In a rigged referendum held last autumn, Lukashenka secured ‘support’ for the removal of a two-term limit on his presidency and thus made the first step towards prolonging his rule beyond 2006, when his current term expires.
Since then, largely unnoticed by most media and politicians of the democratic world, the last remains of non-governmental organisations, independent press and political parties that could thwart the plans of the Belarusian autocrat to prolong his rule ad infinitum are systematically being liquidated. The information blockade within the country is growing, opportunities for young people to study abroad are being limited and the last independent daily, Narodnaja Volja, is about to be closed down. Alexander Lukashenka can get away with all of this not only due to the unsavoury legacy of soviet societal structures but also due to the lack of interest in the fate of Belarus on the part of the democratic countries.

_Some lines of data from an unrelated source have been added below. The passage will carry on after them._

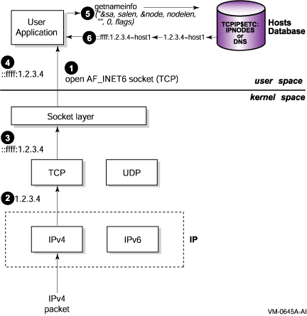 AF_INET6 sockets can receive messages sent to either IPv4 or IPv6 addresses on the system. An AF_INET6 socket uses the IPv4-mapped IPv6 address format to represent IPv4 addresses. Figure E-3 shows the sequence of events for an application that uses an AF_INET6 socket to receive IPv4 packets.
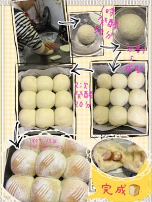 ⑤上に来てた方を下にして、ガス抜きして丸めなおして、型に並べる
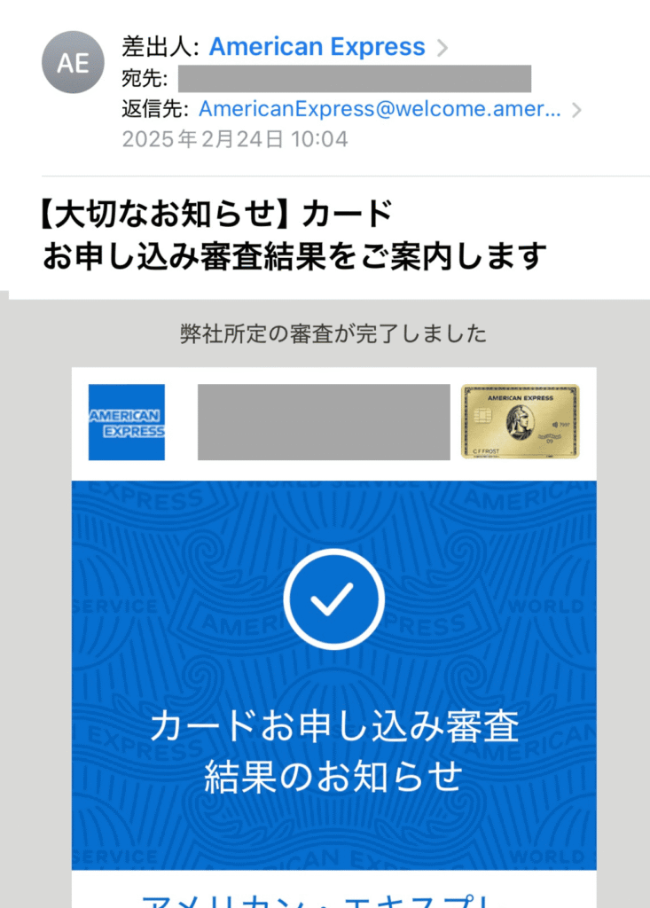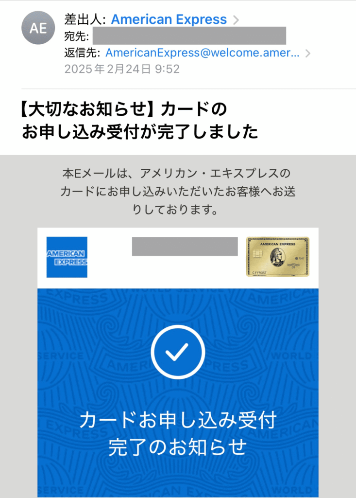 2025年2月24日 9時52分にオンラインでAMEXゴールドカードを申し込み。
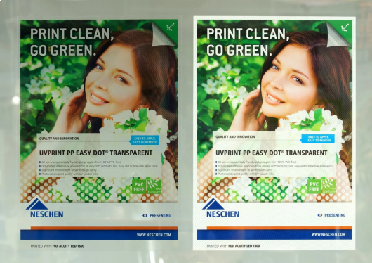 The innovative dot adhesive allows a bubble-free application, even for untrained individuals, and residue-free removal – ideal for short-term promotional campaigns at the point of sale. This member of the Easy Dot family offers photorealistic printing results and is optimised for UV-curable inks, UV-gel, and screen printing.
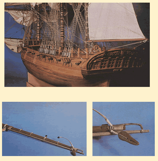 Aquí se aprecian los amantillos que sujetan la yerga al bauprés.
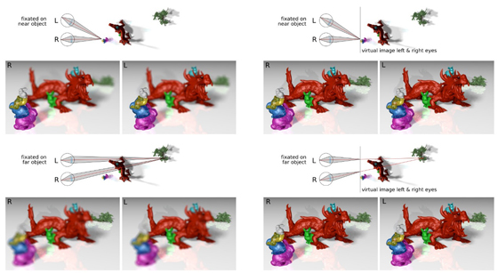 這張插圖顯示,即使擁有良好視力的人,“視覺景深-實際景深沖突”問題也有可能出現(xiàn),對于視力有問題的人,這個問題的影響更為強烈。
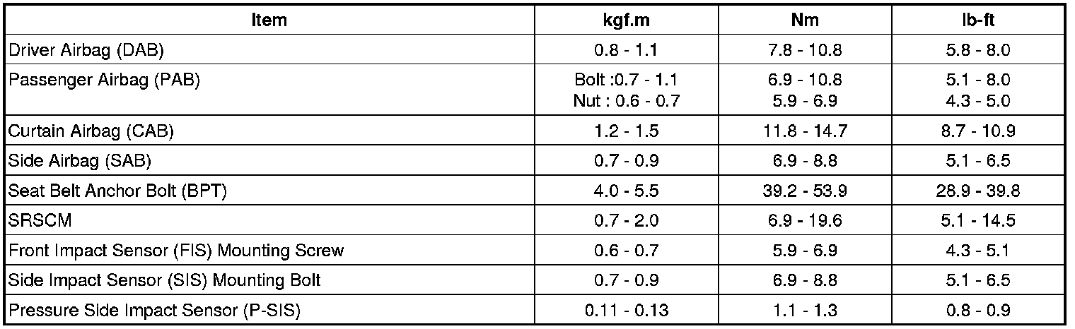 Tightening Torques
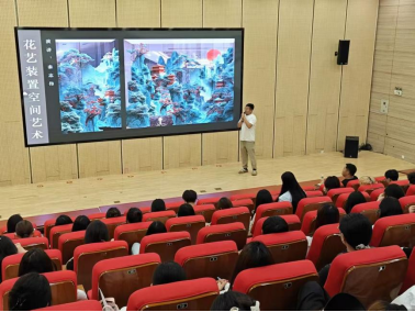 6月10日晚,图书馆1号报告厅座无虚席,现场气氛热烈。秦志伟老师以“插花·装置·空间——艺术与设计的跨界对话”为题,为建筑室内设计等相关专业师生带来了一场精彩纷呈的专题讲座。秦老师凭借深厚的艺术功底和丰富的实践经验,深入剖析了插花艺术的核心美学原理、装置艺术的创作理念及其与建筑、室内空间的深层互动关系。通过展示个人代表作品,生动诠释了如何将自然元素与人文情感融入空间设计,打造富有生命力和情感张力的艺术化环境。秦老师强调,优秀空间设计不仅要满足功能需求,更需注入艺术灵魂,提升空间品质与人文温度。
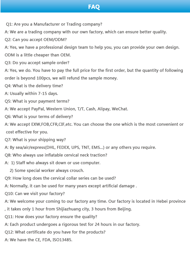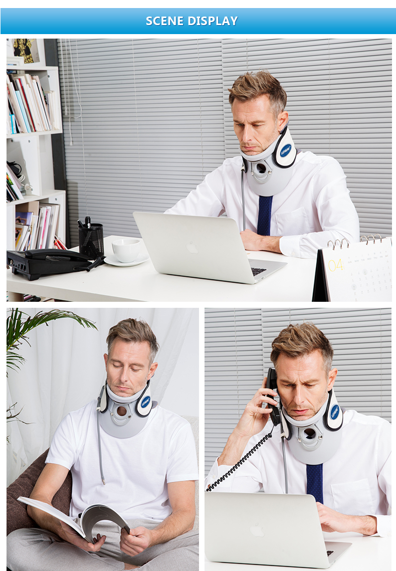 Features : Inflatable airbag, 20° arc traction, fits the human cervical spine arc, pure cotton inner fabric, comfortable to wear, breathable hole design, sultry breathable cloth
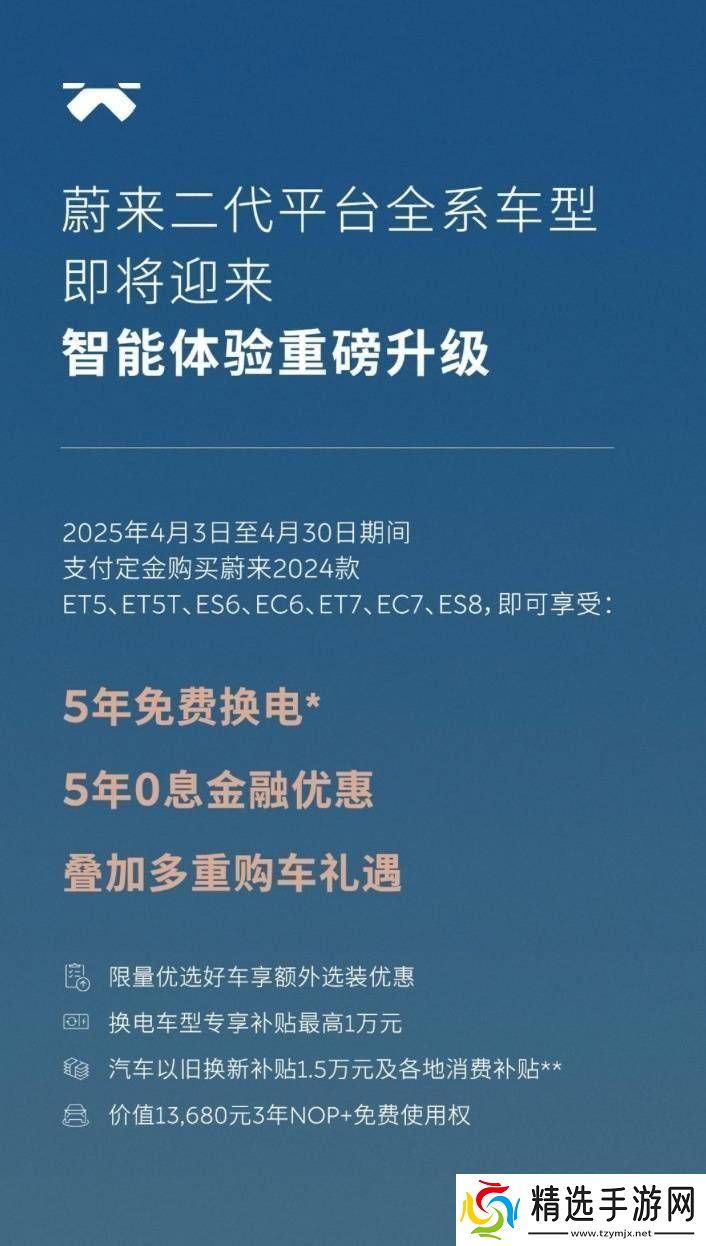 蔚来还推出了一系列购车优惠政策,以吸引更多消费者。在2025年4月3日至4月30日期间,支付定金购买蔚来2024款ET5、ET5T、ES6、EC6、ET7、EC7、ES8等车型的消费者,将可享受240张免费换电券以及5年0息的金融优惠等多重购车礼遇。这些政策无疑为蔚来汽车的销量增长注入了新的动力。
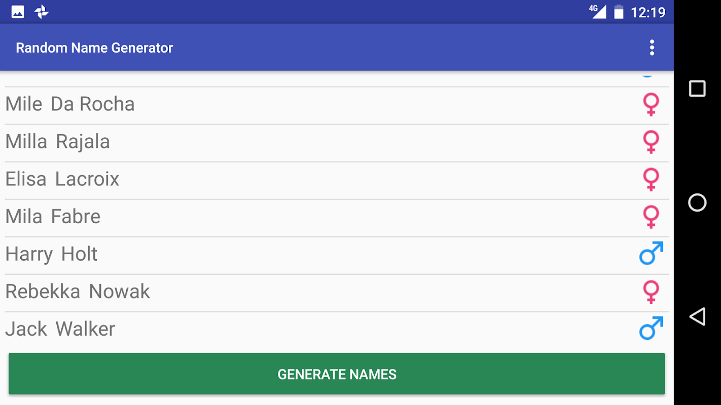 máy phát điện tên ngẫu nhiên này sẽ tạo ra cái tên ngẫu nhiên và địa chỉ từ nhiều quốc tịch khác nhau. Bạn cũng có thể chọn giới tính của những cái tên được tạo ra và sao chép tên vào clipboard Android.
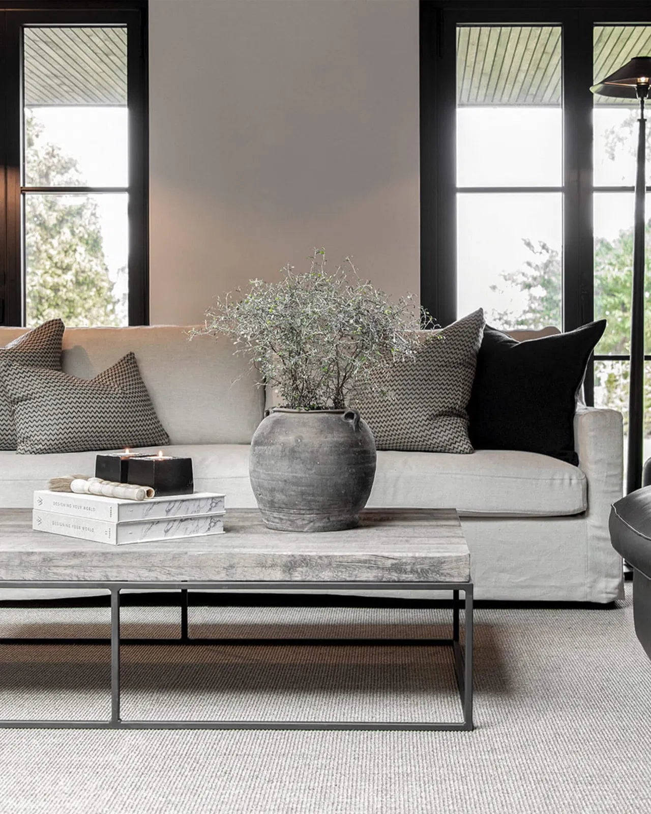 Carlisle-sofabordet kombinerer tidløs eleganse med et moderne preg. Den 6 cm tykke bordplaten i heltre eik gir en naturlig og solid følelse, mens den elegante, svarte metallrammen skaper en stilig kontrast.
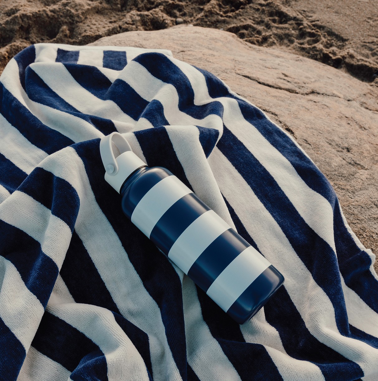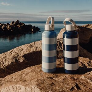 Pullossa on klassinen kaksivärinen raidallinen kuvio ja tyylikäs valkoinen silikoninen kantokahva. Kaksoiseristys pitää juomat kylminä jopa 12 tuntia ja kuumina jopa 6 tuntia – täydellinen valinta niin viilentävälle juomalle kuin lämpimälle juomalle liikkeellä ollessasi.
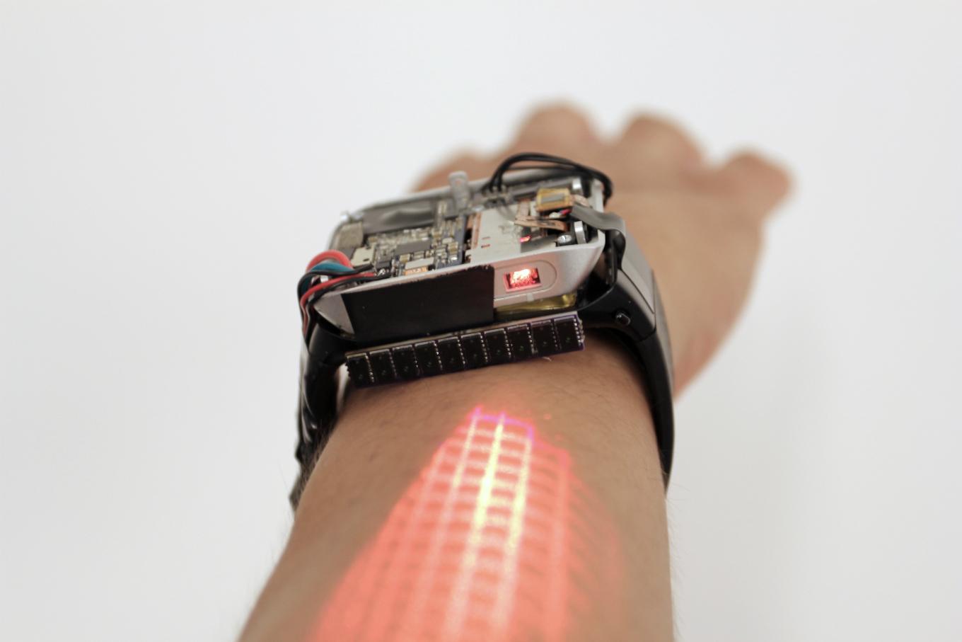 Исследователи встроили в металлический корпус «умных» часов материнскую плату, проектор, датчик глубины и аккумулятор. Проектор направляет на руку лучи красного, зеленого и синего цветов. Устройство работает под управлением операционной системы Android, а батареи устройства хватает на час непрерывной работы (при периодическом использовании батареи должны хватить примерно на целый день).
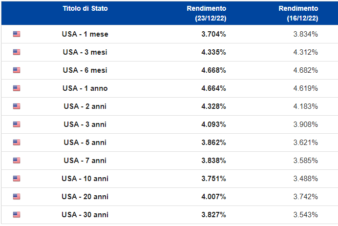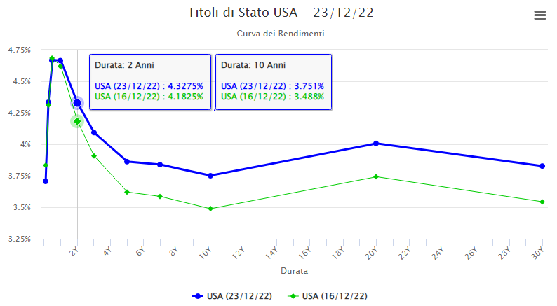Nel grafico comparativo settimanale delle varie scadenze tra la chiusura di due venerdì fa 16 dicembre e la chiusura di venerdì scorso 23 dicembre si notano sostanziali differenze con quasi tutte le scadenze al rialzo:
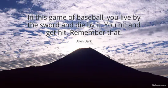 Dark, Alvin. (2026, February 19). In this game of baseball, you live by the sword and die by it. You hit and get hit. Remember that! FixQuotes. https://fixquotes.com/quotes/in-this-game-of-baseball-you-live-by-the-sword-35358/
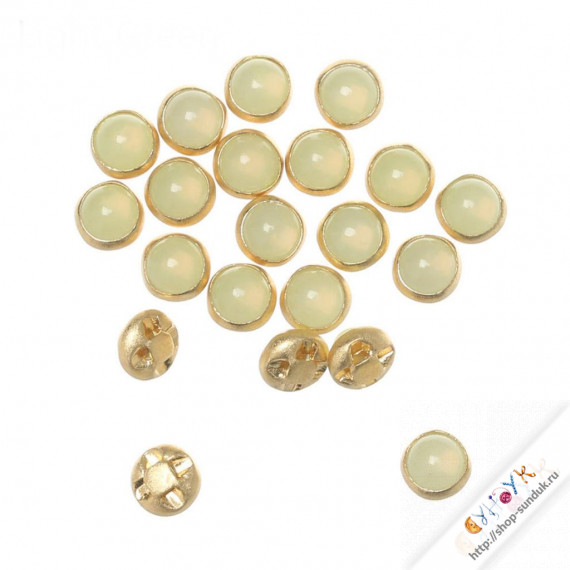 Пуговицы металлические 5мм жемчуг светло-желто-зеленый в золоте
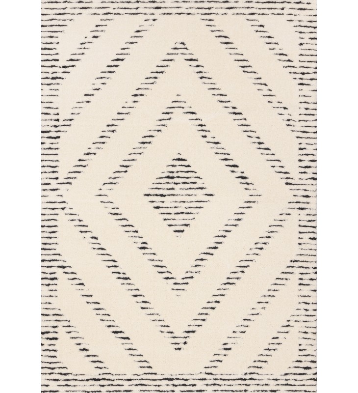 (1355/ZD26 160230)-Talia Cream Black Striped Diamond Rug Design, 5'3" x 7'7"-(Kalora)
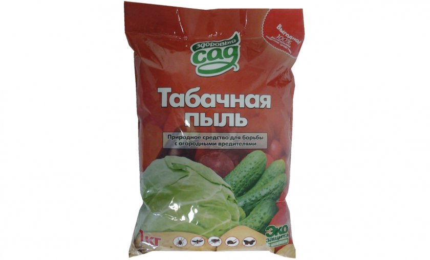 - Табачная пыль — используется в совокупности с древесной золой. Элементы смешивают в пропорции 1:1. На каждый 1 м² насаждений расходуется по 100 г смеси в сухом виде. Максимально допустимое количество обработок — 2 раза в сезон.
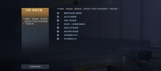 在实战性能方面,刀锋枪战王者具备一定的杀伤力,能够在CF手游对局中发挥作用。它还能在爆破模式中提供小幅移速加成和闪光弹效果减免,同时配备了个性化语音和专属第一人称视角动作。使用这把武器时,玩家在CF手游中可获得额外经验值和金币加成,高处掉落也不会受到伤害。
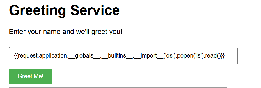 The input above will use the Python’s os module to run the ls command on the web server.
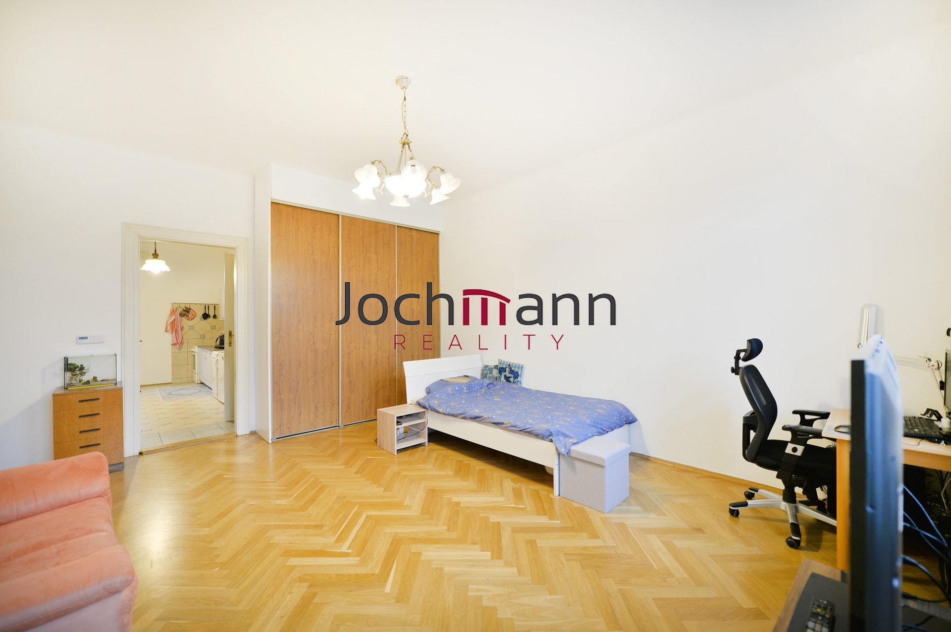 Prostorný byt osobitého stylu nabízí komfortní bydlení na dobré adrese. Dispozice bytu nabízí velkorysou vstupní místnost, kde na konci je vstup do koupelny se sprchovým koutem a toaletou. Dále je zde prostorná kuchyň s kuchyňskou linkou, lednicí s mrazákem, myčkou, mikrovlnnou troubou a elektrickou troubou s varnou deskou. Kuchyň nabízí dostatek prostoru k jídelní části. Z kuchyně je vstup do obývací místnosti s vestavěnou skříní, kde na první pohled zaujmou elegantní parkety. V blízkosti bytu se nachází mateřská škola, základní škola, MHD, poliklinika JIH, cyklostezka apod, v docházkové vzdálenosti pak veškerá občanská vybavenost. K nemovitosti náleží klidná, uzavřená zahrada, která je orientována do vnitrobloku a nabízí prostor pro odpočinek a klidné posezení. K bytu patří také sklep. K dispozici od 01.07.2026. Doporučujeme!
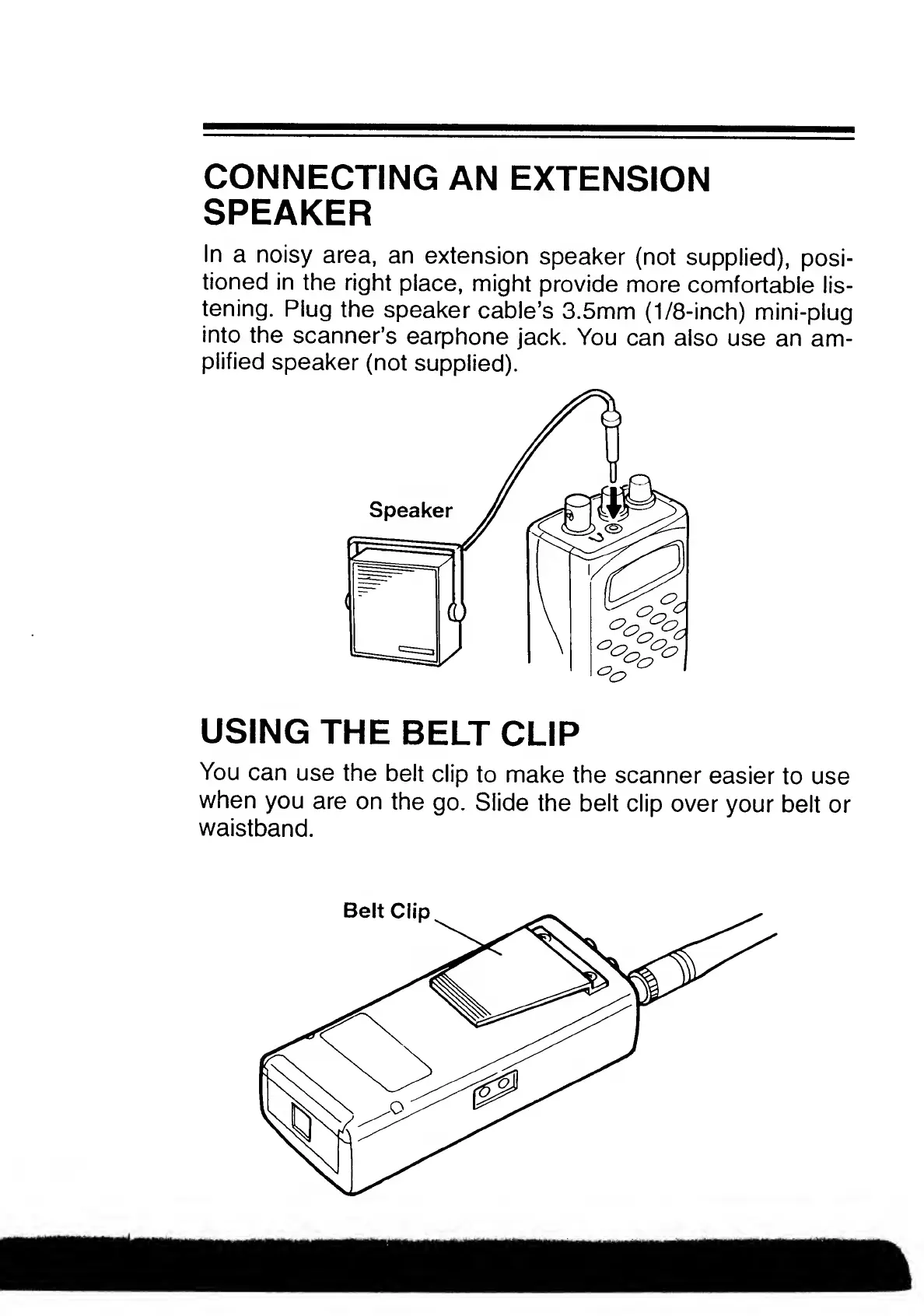 Realistic PRO-50 - Connecting an Extension Speaker; Using the Belt Clip
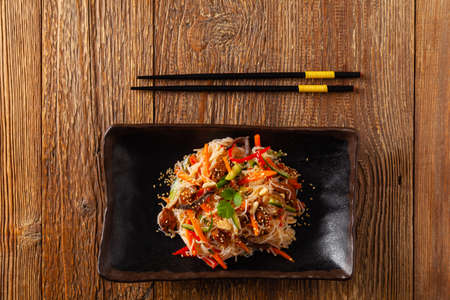 Oriental salad with rice noodles, chicken and mint. Top view.

We are, therefore, convinced that it is necessary to make use of every opportunity to break through this wall of apathy which exists in the democratic world in order to take a stand against this post-soviet autocrat and his efforts to totally suppress the remains of independent initiatives in Belarus. At the same time, it is necessary to continue developing contacts and cooperation with Belarusian independent initiatives.
The European Union, which so far has not been able to support efforts aimed at building a Belarus based on democratic values, should speedily seek such instruments to enable this process. At the same time, the EU should fully open its exchange and educational programmes for the democratically-orientated young people of Belarus. The EU should, together with Ukraine, react quickly to the proposal by MEPs Janusz Onyszkiewicz and Bogdan Klich to give the people of Belarus access to non-censored, non-manipulated information through radio and TV broadcasts from neighbouring countries. We call on the EU, the USA and all other democratic countries that ought to be interested to create a common strategy for the democratisation of Belarus.
This open letter is signed by the former President of the Czech Republic Václav Havel, the former President of Ireland Mary Robinson, French philosopher André Glucksmann, Archbishop Desmond Tutu of South Africa, former President of Germany Richard von Weizsäcker, the Hashemite Kingdom of Jordan H.R.H. El Hassan bin Talal, former Prime Minister of New Zealand and former Director General of WTO Mike Moore, President of the Carnegie Corporation of New York Vartan Gregorian, Chairman of the Nippon Foundation Yohei Sasakawa, former President of South Africa Frederik W. de Klerk, US theologian and author Michael Novak, Senator Karel Schwarzenberg of the Czech Republic and the chairman of the Open Society Institute, George Soros.
© Project Syndicate http://www.project-syndicate.org/
Editor’s note: On August 24, two days after this letter was written, the EU announced that it will fund a pro-democracy radio station in Belarus.